Merge Timelines of Different Profiling Trace Files - Amazon SageMaker

Merge Timelines of Different Profiling Trace Files

The SMDebug client library provide profiling analysis and visualization tools for merging timelines of system metrics, framework metrics, and Python profiling data collected by Debugger.

Tip

Before proceeding, you need to set a TrainingJob object that will be utilized throughout the examples in this page. For more information about setting up a TrainingJob object, see Access the Monitoring and Profiling Data.

The MergedTimeline class provides tools to integrate and correlate different profiling information in a single timeline. After Debugger captures profiling data and annotations from different phases of a training job, JSON files of trace events are saved in a default tracefolder directory.

  • For annotations in the Python layers, the trace files are saved in *pythontimeline.json.

  • For annotations in the TensorFlow C++ layers, the trace files are saved in *model_timeline.json.

  • Tensorflow profiler saves events in a *trace.json.gz file.

Tip

If you want to list all of the JSON trace files, use the following AWS CLI command:

! aws s3 ls {tj.profiler_s3_output_path} --recursive | grep '\.json$'

As shown in the following animated screenshot, putting and aligning the trace events captured from the different profiling sources in a single plot can provide an overview of the entire events occurring in different phases of the training job.


                An example of merged timeline
Tip

To interact with the merged timeline on the traicing app using a keyboard, use the W key for zooming in, the A key for shifting to the left, the S key for zooming out, and the D key for shifiting to the right.

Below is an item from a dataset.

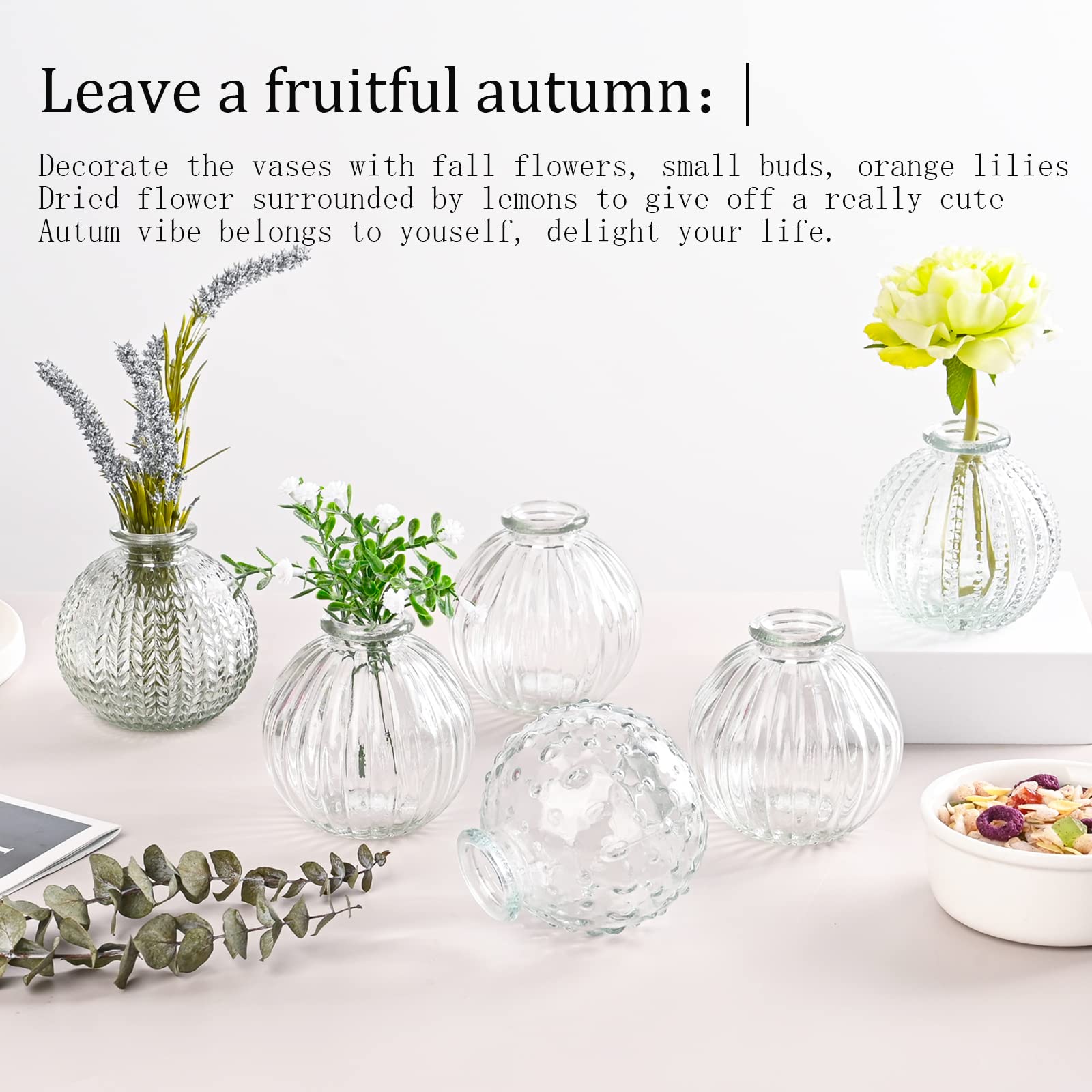 EylKoi Set Von 6 Mini Vasen - Klare Glasvasen Mit Streifen Für Tischdeko
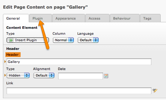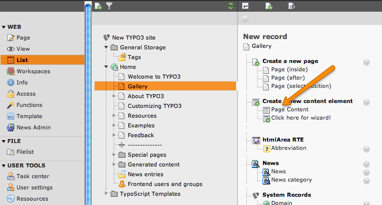 To install a gallery on a page, click on the page where the gallery should be displayed and create a new content element.

The multiple event trace JSON files can be merged into one trace event JSON file using the following MergedTimeline API operation and class method from the smdebug.profiler.analysis.utils.merge_timelines module.

from smdebug.profiler.analysis.utils.merge_timelines import MergedTimeline combined_timeline = MergedTimeline(path, file_suffix_filter, output_directory) combined_timeline.merge_timeline(start, end, unit)

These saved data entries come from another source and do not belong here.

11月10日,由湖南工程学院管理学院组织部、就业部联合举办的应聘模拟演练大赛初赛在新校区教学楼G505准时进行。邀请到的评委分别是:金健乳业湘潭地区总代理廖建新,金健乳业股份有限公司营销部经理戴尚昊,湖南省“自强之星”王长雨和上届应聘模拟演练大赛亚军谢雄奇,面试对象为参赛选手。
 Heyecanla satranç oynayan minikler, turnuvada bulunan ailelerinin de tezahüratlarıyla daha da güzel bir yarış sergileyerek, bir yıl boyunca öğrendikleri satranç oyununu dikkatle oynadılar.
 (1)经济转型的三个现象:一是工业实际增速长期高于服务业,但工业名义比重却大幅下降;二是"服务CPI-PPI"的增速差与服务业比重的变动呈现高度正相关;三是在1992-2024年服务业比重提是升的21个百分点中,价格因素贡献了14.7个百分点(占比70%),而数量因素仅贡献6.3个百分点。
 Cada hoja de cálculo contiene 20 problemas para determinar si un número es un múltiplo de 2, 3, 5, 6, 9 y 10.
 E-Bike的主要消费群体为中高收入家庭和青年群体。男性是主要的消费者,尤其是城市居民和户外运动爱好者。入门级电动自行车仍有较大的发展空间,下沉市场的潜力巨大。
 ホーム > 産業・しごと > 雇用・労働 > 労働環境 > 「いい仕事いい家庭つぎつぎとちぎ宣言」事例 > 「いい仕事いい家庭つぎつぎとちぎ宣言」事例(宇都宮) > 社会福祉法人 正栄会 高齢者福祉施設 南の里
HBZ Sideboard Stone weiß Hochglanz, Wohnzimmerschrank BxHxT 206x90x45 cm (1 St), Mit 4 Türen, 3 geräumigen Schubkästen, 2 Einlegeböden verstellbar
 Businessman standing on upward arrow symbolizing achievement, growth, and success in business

The MergedTimeline API operation passes the following parameters:

  • path (str) – Specify a root folder (/profiler-output) that contains system and framework profiling trace files. You can locate the profiler-output using the SageMaker estimator classmethod or the TrainingJob object. For example, estimator.latest_job_profiler_artifacts_path() or tj.profiler_s3_output_path.

  • file_suffix_filter (list) – Specify a list of file suffix filters to merge timelines. Available suffiex filters are ["model_timeline.json", "pythontimeline.json", "trace.json.gz"]. If this parameter is not manually specified, all of the trace files are merged by default.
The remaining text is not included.